__Problem to work on__
Starting at the line that contains "종합정비기본계획 (변경) 수립 주민설명회", write out every line through the last one in the records below, word for word. Leave out any pictures.

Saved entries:
******

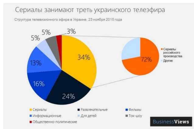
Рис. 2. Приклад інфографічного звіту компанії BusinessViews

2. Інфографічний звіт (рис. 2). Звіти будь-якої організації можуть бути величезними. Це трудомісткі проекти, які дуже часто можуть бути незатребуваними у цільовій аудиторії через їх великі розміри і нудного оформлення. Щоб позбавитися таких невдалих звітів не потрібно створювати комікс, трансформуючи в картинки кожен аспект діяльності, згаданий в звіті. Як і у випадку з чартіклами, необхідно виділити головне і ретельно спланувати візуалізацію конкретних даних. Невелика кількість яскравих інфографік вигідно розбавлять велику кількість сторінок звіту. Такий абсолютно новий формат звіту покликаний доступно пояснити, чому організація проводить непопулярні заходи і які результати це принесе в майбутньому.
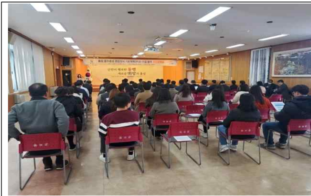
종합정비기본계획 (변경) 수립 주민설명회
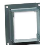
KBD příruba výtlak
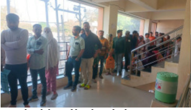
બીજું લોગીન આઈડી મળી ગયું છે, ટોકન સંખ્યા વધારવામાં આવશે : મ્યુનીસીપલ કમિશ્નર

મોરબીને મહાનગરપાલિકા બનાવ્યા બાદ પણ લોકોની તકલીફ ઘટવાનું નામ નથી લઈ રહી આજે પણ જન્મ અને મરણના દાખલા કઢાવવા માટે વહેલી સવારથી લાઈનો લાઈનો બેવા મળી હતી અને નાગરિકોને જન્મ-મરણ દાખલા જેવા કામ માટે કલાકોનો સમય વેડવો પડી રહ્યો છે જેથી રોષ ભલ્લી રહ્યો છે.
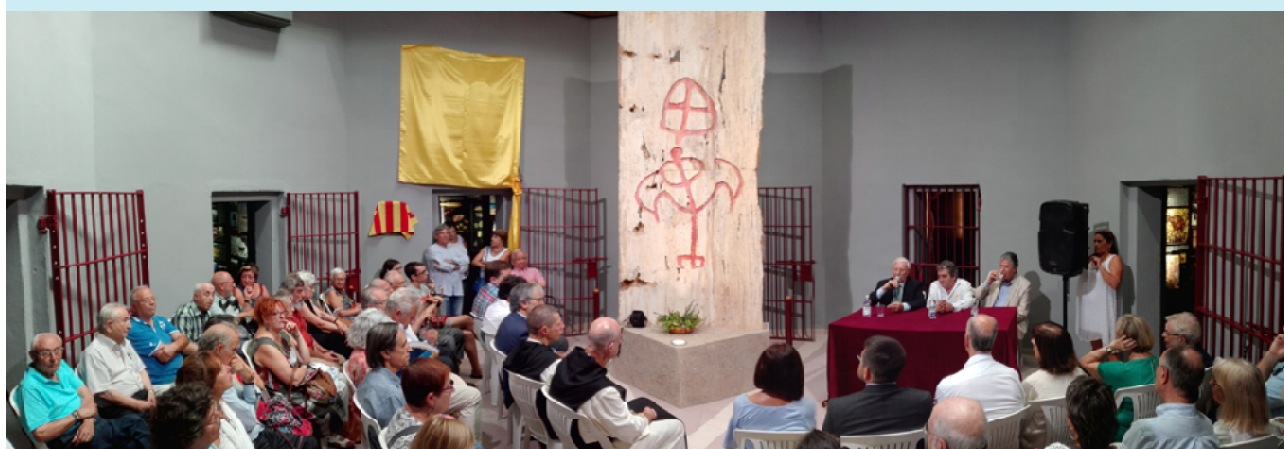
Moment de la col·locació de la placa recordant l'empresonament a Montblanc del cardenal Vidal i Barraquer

******

__Reply to the task__
종합정비기본계획 (변경) 수립 주민설명회
KBD příruba výtlak
બીજું લોગીન આઈડી મળી ગયું છે, ટોકન સંખ્યા વધારવામાં આવશે : મ્યુનીસીપલ કમિશ્નર

મોરબીને મહાનગરપાલિકા બનાવ્યા બાદ પણ લોકોની તકલીફ ઘટવાનું નામ નથી લઈ રહી આજે પણ જન્મ અને મરણના દાખલા કઢાવવા માટે વહેલી સવારથી લાઈનો લાઈનો બેવા મળી હતી અને નાગરિકોને જન્મ-મરણ દાખલા જેવા કામ માટે કલાકોનો સમય વેડવો પડી રહ્યો છે જેથી રોષ ભલ્લી રહ્યો છે.
Moment de la col·locació de la placa recordant l'empresonament a Montblanc del cardenal Vidal i Barraquer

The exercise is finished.